Oh brother, who art I?
Imagine losing your memories and then having to rely on someone else to help recreate them. Now imagine that person is your identical twin, and that they’ve got a good reason for being selective in their retelling.
And we don’t mean they’re selective in the minor ways we all subtly – and potentially inadvertently – reshape narratives when we regale others with them. We’re talking major and deliberate omissions. They’re doing it to protect you, but it’s destined to all come out eventually, and will totally upend your worldview in the process.
How you remind me
The Lewis twins, Alex and Marcus, grow up in an upper-middle-class English country house. At age 18, Alex has a motorcycle accident that results in him lying comatose in a hospital bed. When he comes out of the coma, Alex doesn’t remember anything other than his brother’s name, and the fact that he’s his brother.
Alex can’t recall his own name, who his parents are, or even what his girlfriend’s face looks like. So it’s up to Marcus to answer his ever-more specific questions and help his brother reconstruct not just his sense of other people, but of himself.
It’s a huge responsibility to put on Marcus, but he does his best to guide his brother back from mental adolescence to some semblance of adulthood.
“Normal is what you know. And normal is what your family is,” Alex tells us, early on.
First, the pair figure out a system to downplay how serious Alex’s ailment is by having briefings before parties or other social events where Marcus gives his brother a synopsis of each attendee so he can pretend to remember them.
Then there’s the problem of omissions. By becoming a blank slate, Alex is unburdened by any unpleasantness that may lurk in his familial history … and Marcus is disinclined to disillusion him. “Normal is what you know. And normal is what your family is,” Alex tells us, early on. Except when you don’t know what abnormal is, that is.
It’s clear pretty early on that something strange is afoot. First, the boys live in a shed rather than in the main house with their parents. Moreover, they’re not allowed in certain parts of the house. Then there are other peculiarities, like the family’s relative lack of photographs.
This perhaps explains why Alex becomes fascinated with photographs – the few he does find of events passed, and the heaps he takes in the wake of his accident in case he loses his memory again.

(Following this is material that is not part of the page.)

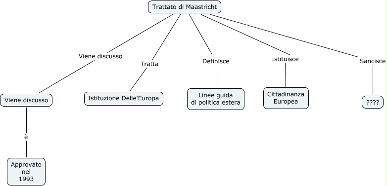 Questa Cmap, creata con IHMC CmapTools, contiene informazioni relative a: Trattato di Maastricht, Trattato di Maastricht Viene discusso Viene discusso, Trattato di Maastricht Definisce Linee guida di politica estera, Trattato di Maastricht Istituisce Cittadinanza Europea, Viene discusso è Approvato nel 1993, Trattato di Maastricht Sancisce ????, Trattato di Maastricht Tratta Istituzione Delle'Europa
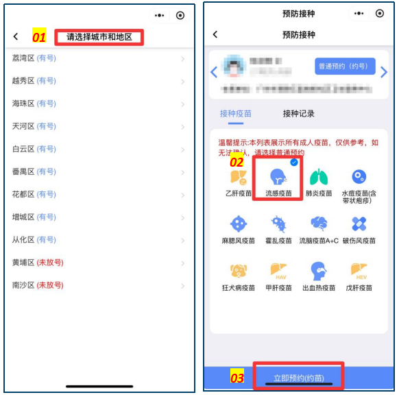 重复以上操作进入【预防接种服务】(或直接微信搜索“广州市预防接种小程序”)-【儿童/成人预约】-【选择地区】-【选择流感疫苗】-【立即预约】

Even this is a little sinister, though, because as Alex points out, “We take photos of happy times … we don’t take photos at funerals”.
A macabre obsession
We’d be doing Tell Me Who I Am a massive disservice if we gave away anything more about the plot, but what you should know is that it’s more intriguing than it is creepy, and ultimately more encouraging than it is horrific. As a documentary, it works extremely well, too. The combination of contemporary interview footage with obvious recreations is handled perfectly and never makes the retelling seem either flippant or sensationalist.
Alex’s obsession with specifics becomes more macabre as the three acts unfold, but in the process the documentary also becomes a timely meditation on trust, family bonds, sibling relationships and the nature of both memory and trust. It’s strange and unsettling stuff, but it’s also beautifully told. You may need some tissues.